Find the total resistance. The total pd=6V.
So the total current is simply I=V/R.

The sum of the voltage drops across the wires and bulb will add up to be 6. So just use V=IR and you'll get it.
 
Consider this circuit as an ideal voltage source connected in series with 3 resistances (wire segment, light bulb, wire segment). Maybe redrawing the circuit will help. Ask yourself what the total resistance of the circuit is, and how this relates to the current. Then ask yourself how this current relates to the voltage drops across each individual element.
 
So for a.) I = 6/32 => 0.19 Amps

b.)V = 0.19 x 32 => 6 volts ?
 
a) is correct. For b) think of the individual wire elements. From the picture, it looks like each wire would have a resistance of 0.5 ohms. 6 volts is the drop in potential across the total resistance.
 
mplayer said:
a) is correct. For b) think of the individual wire elements. From the picture, it looks like each wire would have a resistance of 0.5 ohms. 6 volts is the drop in potential across the total resistance.
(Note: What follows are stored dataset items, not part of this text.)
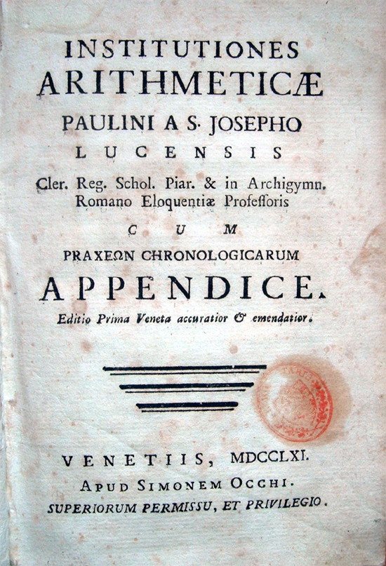 Institutiones arithmeticae Paulini a S. Josepho Lucensis Cler. Reg. Schol. Piar. & in Archigymn. Romano Eloquentiae Professoris, cum Praxeon chronologicarum appendice. Editio Prima Veneta accuratior et emendatior
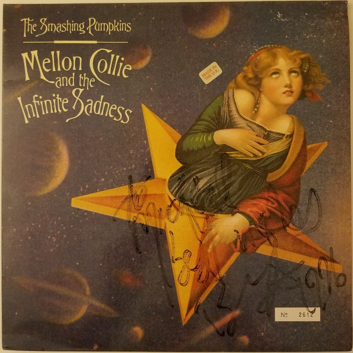 That seems like a silly, self-evident thing in 2016, because in 2016, you can't have a record store without vinyl. CANNOT, end of story. But in 1996, it wasn't necessarily a given. As it happens, though, we did sell vinyl -- our customer base included a lot of obsessive collector types and club DJs and wealthy Europeans who were hunting for bizarre Bowie artifacts, so we actually specialized in vinyl. I told Corgan as much, so he ditched his girlfriend who had wandered into some store or something (not kidding; he said, "She'll find me"; this was pre-cell phone era) and walked back to Rebel with me. He bought a stack of singles, and I pulled an LP off the wall for him to sign. Needless to say, I still have it.
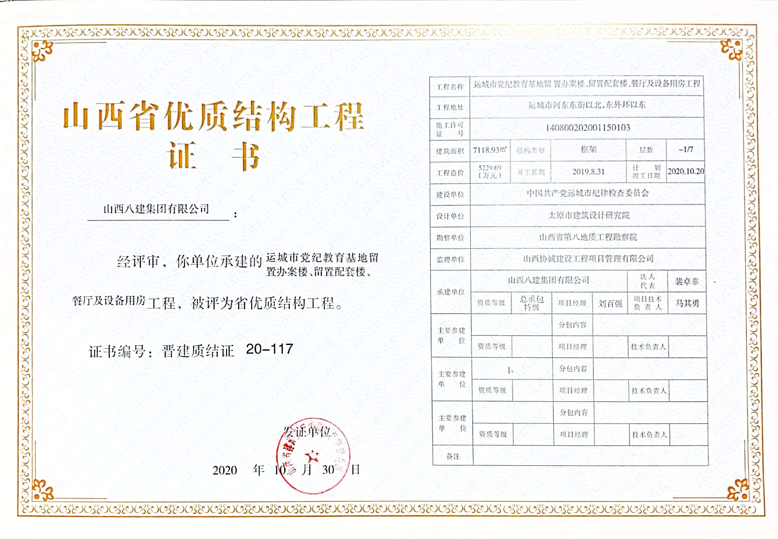 運城市黨紀教育基地留置辦案樓、留置配套樓、餐廳及設備用房榮獲2020年山西省優(yōu)質(zhì)結(jié)構(gòu)工程獎
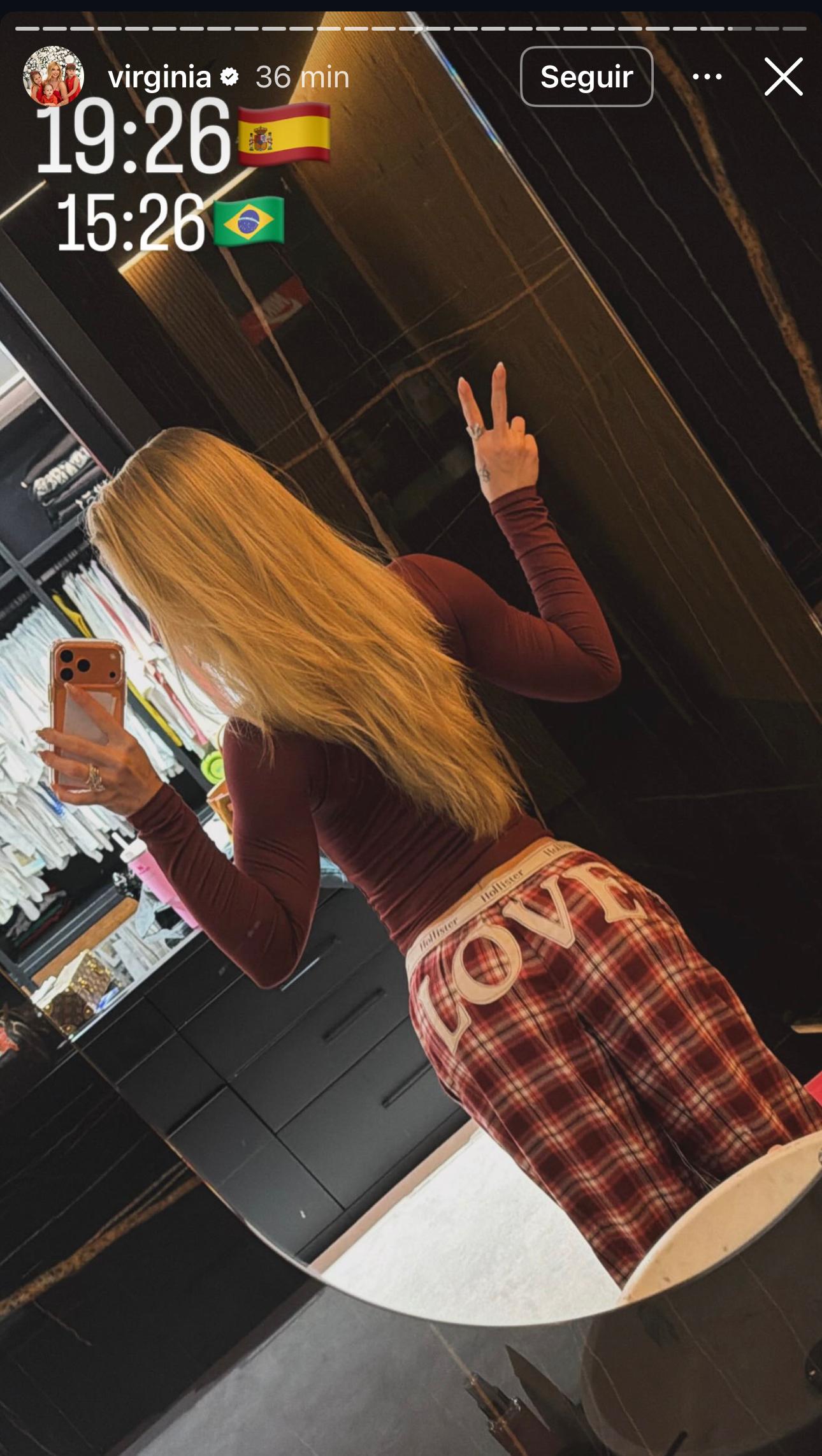 A empresária posou diante do espelho no closet do namorado, o jogador Vinícius Júnior, e chamou atenção ao usar uma calça xadrez com a palavra “LOVE” estampada na parte de trás.

I see what you meant by the total resistance. Shouldn't each wire have a resistance of 1 ohm and not 0.5? From part a 2 ohms for the wires and 30 for the bulb
 
dasblack said:
I see what you meant by the total resistance. Shouldn't each wire have a resistance of 1 ohm and not 0.5? From part a 2 ohms for the wires and 30 for the bulb

Yes, you're right, each piece of wire is 1 ohm. I thought it was referring to the wire as a whole, and wanted you to divide the total wire resistance by 2 in order to split it up. Sorry for the confusion :/

Now for part b) you need to find the voltage drop across each piece of wire. You have the current through each piece, and you know the resistance of each piece.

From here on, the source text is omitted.